According to the statistics, the Adjusted R-squared is 0.87 in the Geographically Weighted Regression (GWR) model. But, how can the GWR model be improved further? Thus, the Forest-Based Classification and Regression model will be applied to improve the GWR model.

Figure 8: Validation R2

X111

  • Figure eight shows the average accuracy of the Forest-Based Classification and Regression model is 0.79.

Figure 9: Distribution of Variable Importance

X111

  • Figure nine shows the two most important variables are sqft_living and grade. They appear highest on the Y (Importance) axis. Here, importance corresponds to the number of times a tree split is performed based on the variable in the entire forest model. Higher numbers indicate a higher number of tree splits based on a variable, indicating that the variable’s impact on the forest model result is high. This chart indicates that grade and sqft_living switch their importance rank between different runs of the model. Distance to a large lake is the third-most influential predictor in the model.

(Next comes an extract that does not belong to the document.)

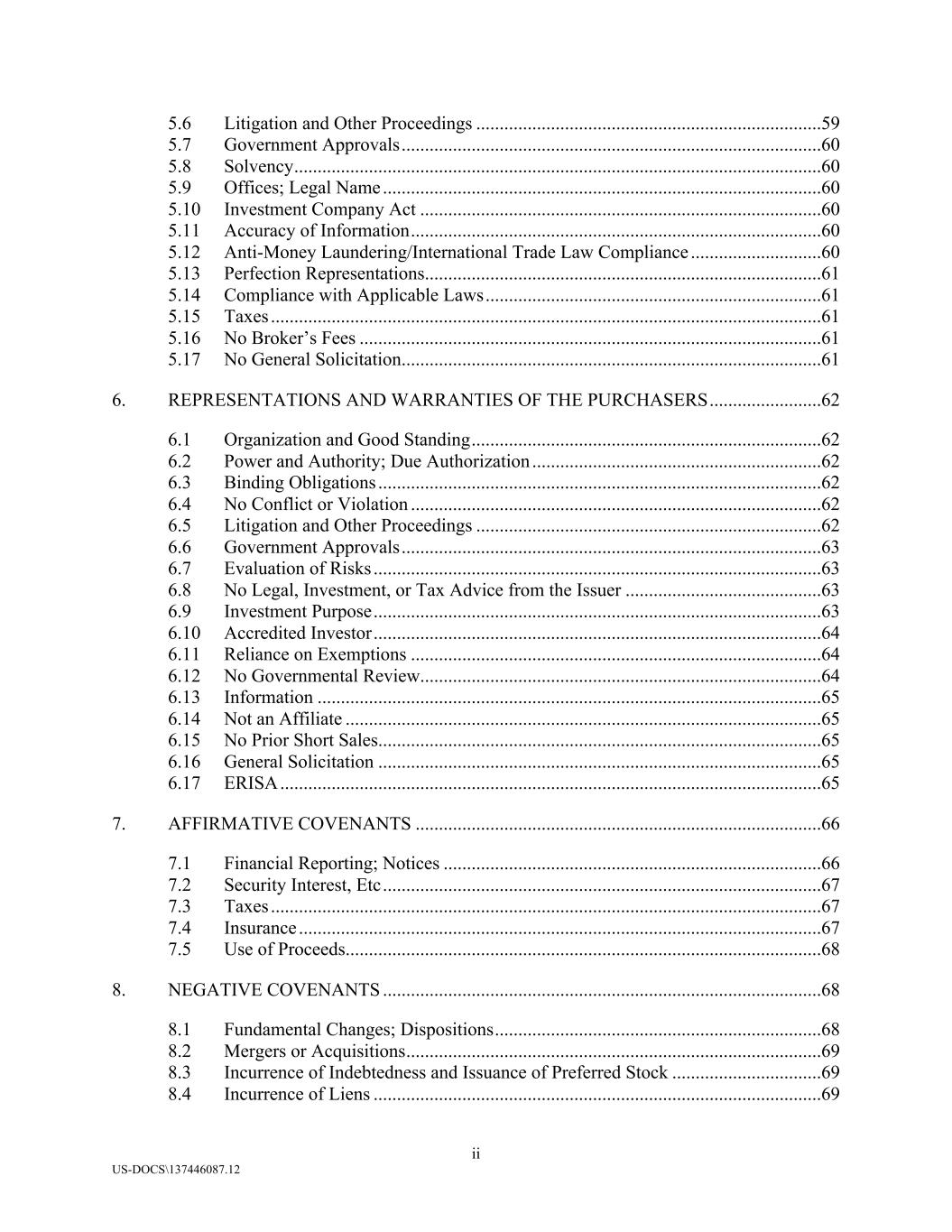 ii US-DOCS\137446087.12 5.6 Litigation and Other Proceedings ..........................................................................59 5.7 Government Approvals ..........................................................................................60 5.8 Solvency .................................................................................................................60 5.9 Offices; Legal Name ..............................................................................................60 5.10 Investment Company Act ......................................................................................60 5.11 Accuracy of Information ........................................................................................60 5.12 Anti-Money Laundering/International Trade Law Compliance ............................60 5.13 Perfection Representations .....................................................................................61 5.14 Compliance with Applicable Laws ........................................................................61 5.15 Taxes ......................................................................................................................61 5.16 No Broker’s Fees ...................................................................................................61 5.17 No General Solicitation ..........................................................................................61 6. REPRESENTATIONS AND WARRANTIES OF THE PURCHASERS ........................62 6.1 Organization and Good Standing ...........................................................................62 6.2 Power and Authority; Due Authorization ..............................................................62 6.3 Binding Obligations ...............................................................................................62 6.4 No Conflict or Violation ........................................................................................62 6.5 Litigation and Other Proceedings ..........................................................................62 6.6 Government Approvals ..........................................................................................63 6.7 Evaluation of Risks ................................................................................................63 6.8 No Legal, Investment, or Tax Advice from the Issuer ..........................................63 6.9 Investment Purpose ................................................................................................63 6.10 Accredited Investor ................................................................................................64 6.11 Reliance on Exemptions ........................................................................................64 6.12 No Governmental Review ......................................................................................64 6.13 Information ............................................................................................................65 6.14 Not an Affiliate ......................................................................................................65 6.15 No Prior Short Sales...............................................................................................65 6.16 General Solicitation ...............................................................................................65 6.17 ERISA ....................................................................................................................65 7. AFFIRMATIVE COVENANTS .......................................................................................66 7.1 Financial Reporting; Notices .................................................................................66 7.2 Security Interest, Etc ..............................................................................................67 7.3 Taxes ......................................................................................................................67 7.4 Insurance ................................................................................................................67 7.5 Use of Proceeds ......................................................................................................68 8. NEGATIVE COVENANTS ..............................................................................................68 8.1 Fundamental Changes; Dispositions ......................................................................68 8.2 Mergers or Acquisitions .........................................................................................69 8.3 Incurrence of Indebtedness and Issuance of Preferred Stock ................................69 8.4 Incurrence of Liens ................................................................................................69

Now, The forest-based model's Adjusted R-squared is still lower than the GWR model's with one variable. To further improve the model, the predictor variables with low importance are removed. So they won't be randomly selected for a particular tree at the expense of more important explanatory variables. Then, Adjusted R-squared changes to 0.946 with high accuracy after the model includes only top important variables.

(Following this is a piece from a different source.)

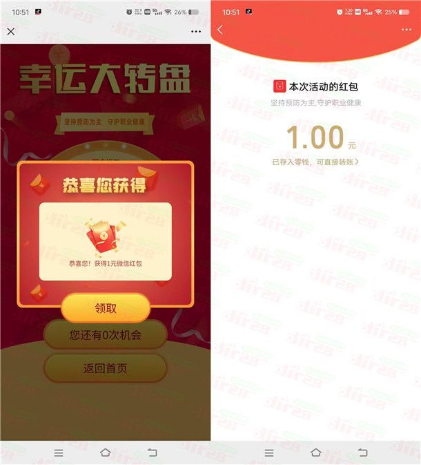 参加重庆健康科普举办的职业健康保护行动线上答题瓜分万元红包活动,通过打开微信进去活动里,每个微信ID账户登录后从题库系统随机抽取5道题目,每个微信ID每天答题次数为3次,答对4题及以上将获得1次抽奖次数,有机会抽取1个微信现金红包,非必中。

Figure 10: Prediction Interval

X111

  • Figure ten shows the uncertainty bounds of the prediction, with the blue line being the actual prediction. Note that uncertainty bounds rapidly widen for homes priced at more than $1,000,000. The reason for that is the small sample size for such expensive homes. Note that for homes more expensive than $1,500,000, the uncertainty bounds are even bigger as there are even fewer samples in this price range. This plot is a useful way to show the uncertainty relating to the predictions given a training sample.

Map 6: Optimized Hot Spot Analysis

X111

  • Map six shows that uncertainty tends to be higher in the southern half of the dataset and lower in the northern half and indicates that sale price predictions in the northern portion of King County, Washington, are less prone to change by random changes to the training data.

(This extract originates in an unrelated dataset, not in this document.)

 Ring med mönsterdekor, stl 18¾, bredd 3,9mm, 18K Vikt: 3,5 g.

In conclusion, both Geographically Weighted Regression (GWR) and Forest-Based Classification and Regression (FBCR) models have acceptable Adjusted R-squared. Which model should be used when predicting the house prices in King County? GWR is better suited to capture spatial variations in relation to price. GWR also works well to develop a local model for price, where the predicted house price is reasonable for the neighborhood. However, due to multicollinearity, the grade variable is not a predictor for GWR. In contrast, FBCR models the impact of the condition of the new houses by using analogs from all of King County, Washington. This model results in higher home prices, which may make sense if the grade of the structures is very high and the developer is considering listing them for a significantly higher price than other houses in the neighborhood. Uncertainty analysis in FBCR shows that prices of expensive homes over $1 million may need to be re-assessed. The GWR model shows reasonable values for the Redmond, Washington, area but does not factor in the condition of the new homes. So, neither method is inherently superior to the other. GWR and FBCR address different needs of valuation.

Figure 11: Distribution of GWR (price per square foot), FBCR (price per square foot)

X111

  • Figure eleven shows the price per square foot estimates from the GWR and FBCR models.

Figure 12: Prediction Interval

X111

  • Figure twelve indicates that the uncertainty range is approximately $400,000 for all homes except ones with prices above $1 million. The model shows that small changes to training data from King County can result in substantial changes to the predicted sale price of the home. Unlike GLR or GWR, FBCR does not extrapolate. If the maximum price in the training data is $1.2 million in training, any price the model predicts above that will have high uncertainty. Also, since there are relatively few of the highest-priced houses, the uncertainty for these sorts of houses will be high.